Forgive me for coming over all Deleuzian, but I want to try to follow a line of flight that escapes when I thread two recent conferences and a free improvised music gig into the same thought string. I’ll blame Rachel’s superb post (see the video below) if I must, because the imaginative risk that she takes there inspires the link that I want to make. The link is monstrosity, but anyway…

The first conference, Contested Democracy, was at the Institut du Monde Anglophone at the Université Sorbonne Nouvelle – Paris 3, during 20-22 Sept. The second, The Riots: One year on, was a week later at London South Bank University. The bit of free improvised music was a video clip of a performance by two improvising musicians, Mick Beck and Phil Marks, which I brought as my contribution to the data discussion convened by Maggie.

Both conferences were exploring how the academy might respond to recent events – the occupy movement, the riots – that have expanded the conventional boundaries of protest and the political. Specifically, they welcomed cross-disciplinary contributions. In response, I put papers to both in collaboration with two colleagues who are outside my own ‘official’ field of education and social research but are linked to my work as an improviser (watch this video if you want to know what I get up to when I’m ‘out’). My collaborators were Gary Anderson, a performance artist based at Liverpool Hope (instigator of The Free University of Liverpool) and Gill Whiteley at the School of Art at Loughborough (see her website ‘bricolagekitchen‘).

Our papers – on monstrous practices of dissent – tried to work with the idea of the monstrous (both riots and occupations have been described negatively as ‘monstrosities’ in media coverage) but from a Deleuzian perspective.  According to Deleuze, “State Philosophy”, as he called it, might, when approached from ‘behind’ (in Deleuze’s notorious formulation) give birth to positively ‘monstrous’ progeny in the radical form of non-representational ‘nomad thought’. Our papers worked methodologically, therefore, out of a space between social science (ethnography, certainly) and art practice that Rachel’s work also seems to inhabit. Indeed, I’d argue that Rachel’s blog post is a superb example of the critical power of monstrosity that we were trying to conjure (I hope that’s flattering Rachel?)

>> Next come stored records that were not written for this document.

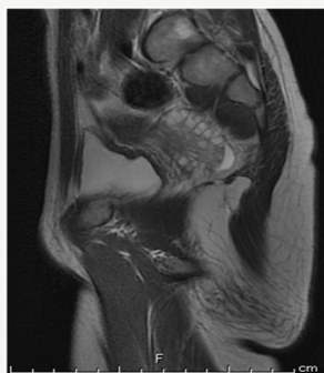
Figure 1: MRI finding at First onset. Fat-suppressed T2-weighted image shows the markedly high intensity right ovary enlarged 4cm, with peripherally displaced follicles.

was performed. After untwisting, the color of the ovary promptly returned to white and pink. The right ovary was fixing the ovary to the broad ligament, as the ligament was extended and the risk of re-twisting was high (Figure 4). The postoperative period was uneventful. On the fifth postoperative day, ultrasonography revealed shrinkage of the right ovarian diameter to 6cm. She was discharged on the sixth postoperative day. Histopathological findings showed noneoplastic change, but presence of MOE. At 5 months post-surgery, no recurrence was seen, and the ovaries were real most normal size.
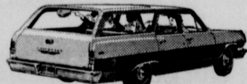
4-DOOR 6-PASSENGER STATION WAGON
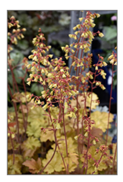
Ginger Ale Coral Bells foliage

Ginger Ale Coral Bells will grow to be only 6 inches tall at maturity extending to 12 inches tall with the flowers, with a spread of 15 inches. When grown in masses or used as a bedding plant, individual plants should be spaced approximately 12 inches apart. Its foliage tends to remain low and dense right to the ground. It grows at a medium rate, and under ideal conditions can be expected to live for approximately 10 years. As an evegreen perennial, this plant will typically keep its form and foliage year-round.
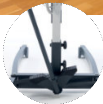
Lever for mechanical leg spread
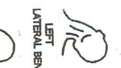
LEFT LATERAL BENDING (Flexion)
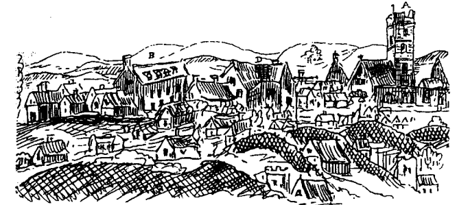
A. The Abby Church. D. The Hall of the Azyzes. B. Lenthalls the Chief Inn.
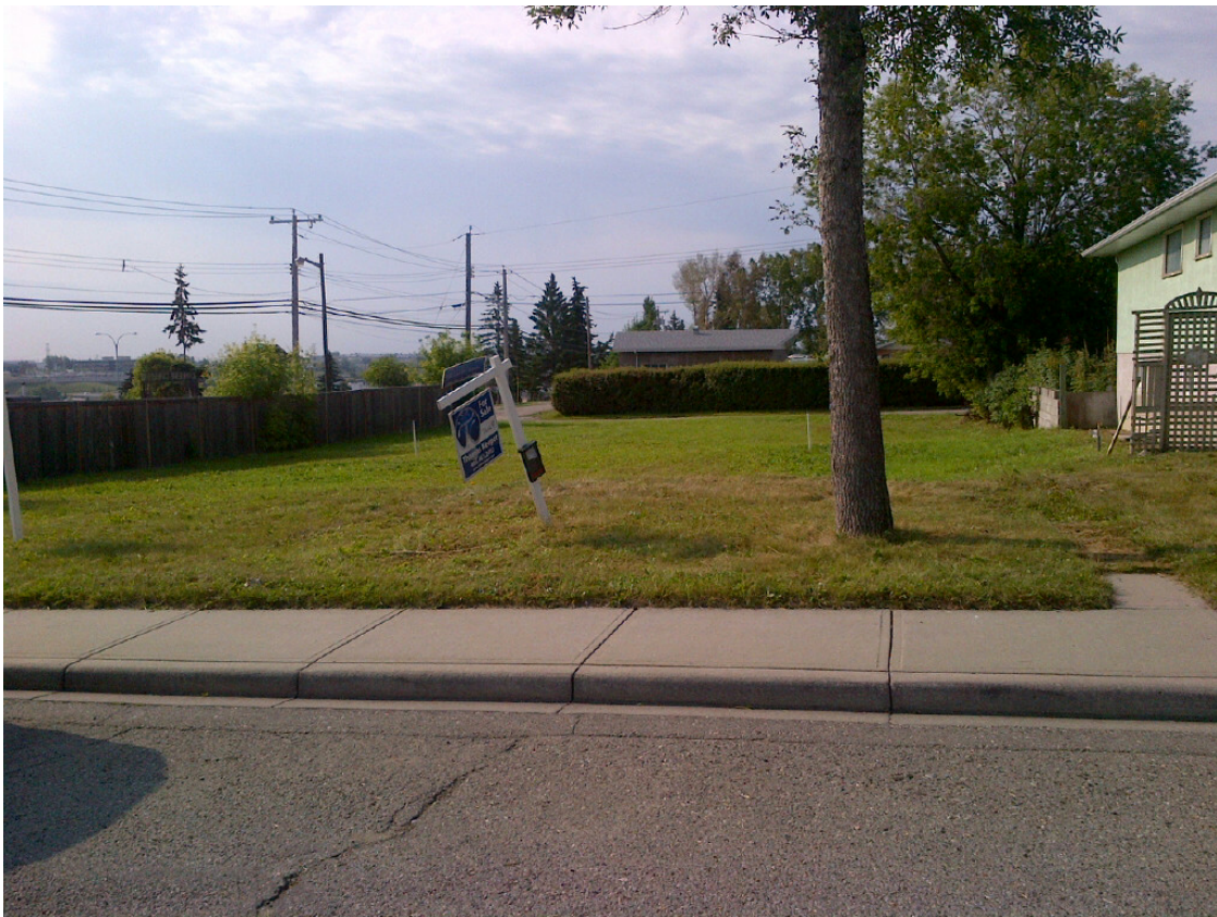
Development Site: 23 – 31 Ave SW

Presentation Objective: Request community and neighbours' support for the proposed project.

Now, free improvised music (not often easy on the ear, it has to be said) works in the same way, too. It, similarly, tries to come up behind the orthodoxy of ‘Sate Philosophy’ in music with the aim of liberating a kind of nomadic monstrosity. And in that – whatever one thinks of it aesthetically – it resonates with how some of us are trying to ‘do’ research non-representationally.

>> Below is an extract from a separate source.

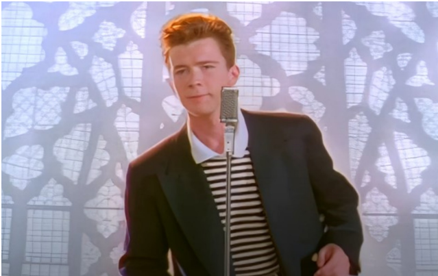
Figure 1: You Looked

We're no strangers to love You know the rules and so do I (do I), A full commitment's what I'm thinking of You wouldn't get this from any other guy I just wanna tell you how I'm feeling Gotta make you understand Never gonna give you up Never gonna let you down Never gonna run around and desert you Never gonna make you cry Never gonna say goodbye Never gonna tell a lie and hurt you We've known each other for so long Your heart's been aching, but you're too shy to say it (say it) Inside, we both know what's been going on (going on) We know the game and we're gonna play it And if you ask me how I'm feeling Don't tell me you're too blind to see Never gonna give you up Never gonna let you down Never gonna run around and desert you Never gonna make you cry Never gonna say goodbye Never gonna tell a lie and hurt you Never gonna give you up Never gonna let you
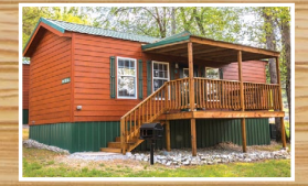
▲ Deluxe Cozy Cabins

And that is what, in sub-Deleuzian mode, I was trying hard not to explain – but rather to show – at Maggie’s data session.

Geoff Bright

One thought on “‘Doing’ monstrosity: Two conferences, four minutes of free improv and the death of ‘data’

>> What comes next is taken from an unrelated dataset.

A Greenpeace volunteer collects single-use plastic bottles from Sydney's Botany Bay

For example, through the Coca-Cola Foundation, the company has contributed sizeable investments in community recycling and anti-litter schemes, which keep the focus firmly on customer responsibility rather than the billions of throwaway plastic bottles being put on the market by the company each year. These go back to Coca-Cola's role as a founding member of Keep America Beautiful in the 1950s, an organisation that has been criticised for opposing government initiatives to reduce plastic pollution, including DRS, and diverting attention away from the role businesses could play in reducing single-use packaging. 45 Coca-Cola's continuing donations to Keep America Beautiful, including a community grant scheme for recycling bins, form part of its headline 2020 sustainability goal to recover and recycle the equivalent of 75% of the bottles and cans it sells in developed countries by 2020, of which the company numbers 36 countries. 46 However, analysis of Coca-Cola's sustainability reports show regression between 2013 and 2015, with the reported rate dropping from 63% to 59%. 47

  1. Interesting post Geoff; it does seem to be the case that what one might term ‘basic’ empirical ethnography no longer has the power to illuminate or disturb. It just describes what we all already know – from TV documentaries, the internet, etc, etc. It is almost as if 50 years of mass communication plus the privileging of the individual story, the individual narrative (‘human interest’ in journalism and ‘voice’ in cultural studies/human rights discourses etc.) has rendered traditional ethnography obsolete – the original power of ethnography has been adopted by the media and rendered routine – we are all ethnographers now – we are no longer in the same position as when Park, Roy, Becker et. al. were writing in the 1940s, 50s and 60s. Different forms of knowledge production and reporting are required in order to disturb and provoke. For an interesting artistic take on this ( or least what I think is ‘this’) see Kara Walker’s piece on black (American) history in Manchester City Art Gallery’s ‘The First Cut’ exhibition.